What you need to do
Please reproduce all of the listing below exactly and drop its images.

Source material

----

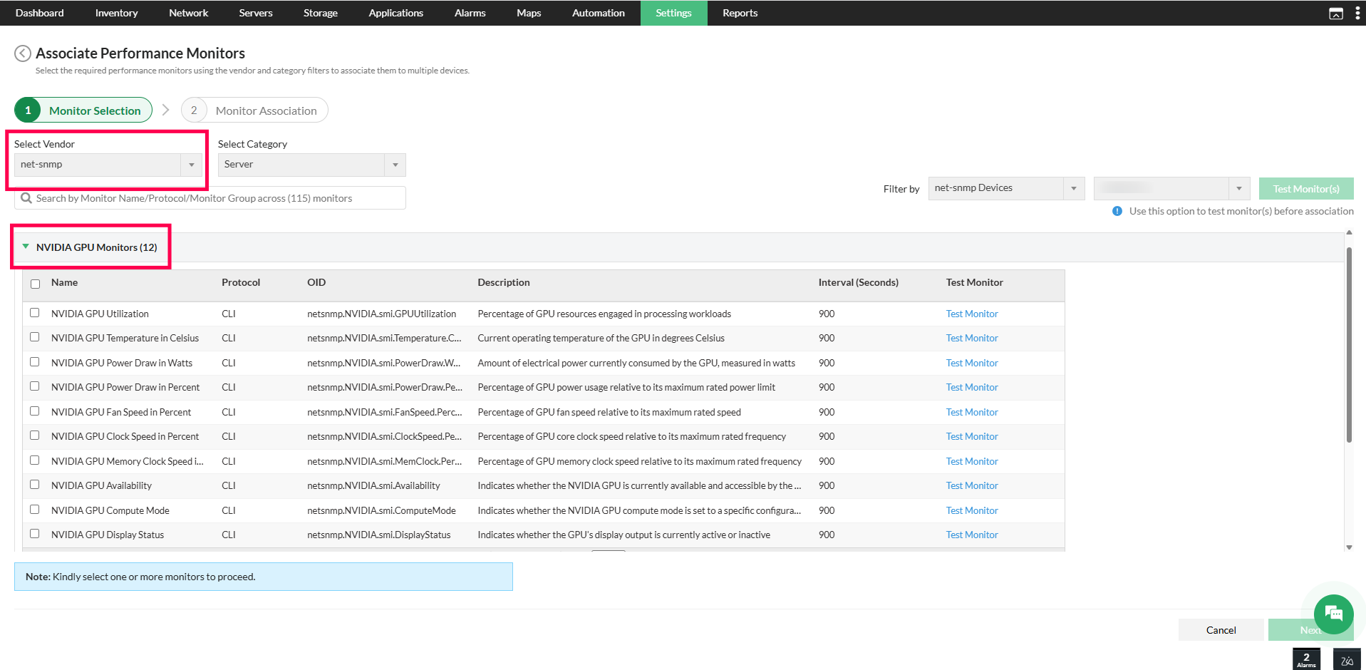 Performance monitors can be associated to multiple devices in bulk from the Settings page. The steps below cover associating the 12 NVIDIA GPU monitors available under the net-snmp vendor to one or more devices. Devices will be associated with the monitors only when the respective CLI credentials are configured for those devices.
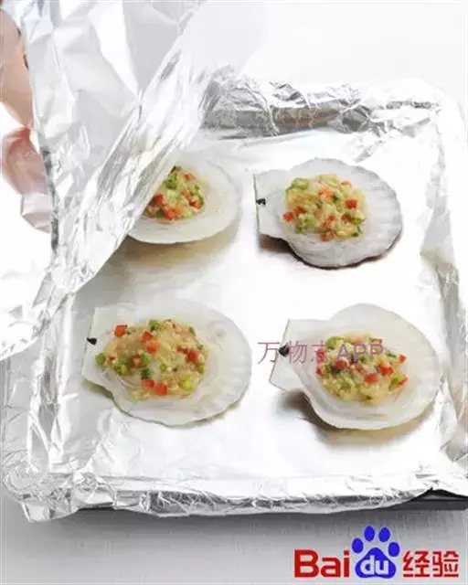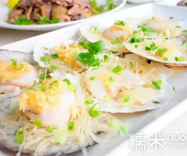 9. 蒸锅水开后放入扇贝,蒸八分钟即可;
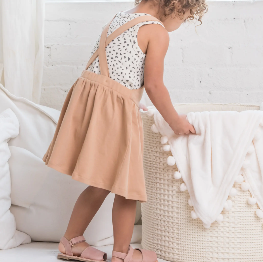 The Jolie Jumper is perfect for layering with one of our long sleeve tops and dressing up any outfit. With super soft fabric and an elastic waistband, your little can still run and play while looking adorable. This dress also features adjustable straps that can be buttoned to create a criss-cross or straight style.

----

Output below
 Performance monitors can be associated to multiple devices in bulk from the Settings page. The steps below cover associating the 12 NVIDIA GPU monitors available under the net-snmp vendor to one or more devices. Devices will be associated with the monitors only when the respective CLI credentials are configured for those devices.
 9. 蒸锅水开后放入扇贝,蒸八分钟即可;
 The Jolie Jumper is perfect for layering with one of our long sleeve tops and dressing up any outfit. With super soft fabric and an elastic waistband, your little can still run and play while looking adorable. This dress also features adjustable straps that can be buttoned to create a criss-cross or straight style.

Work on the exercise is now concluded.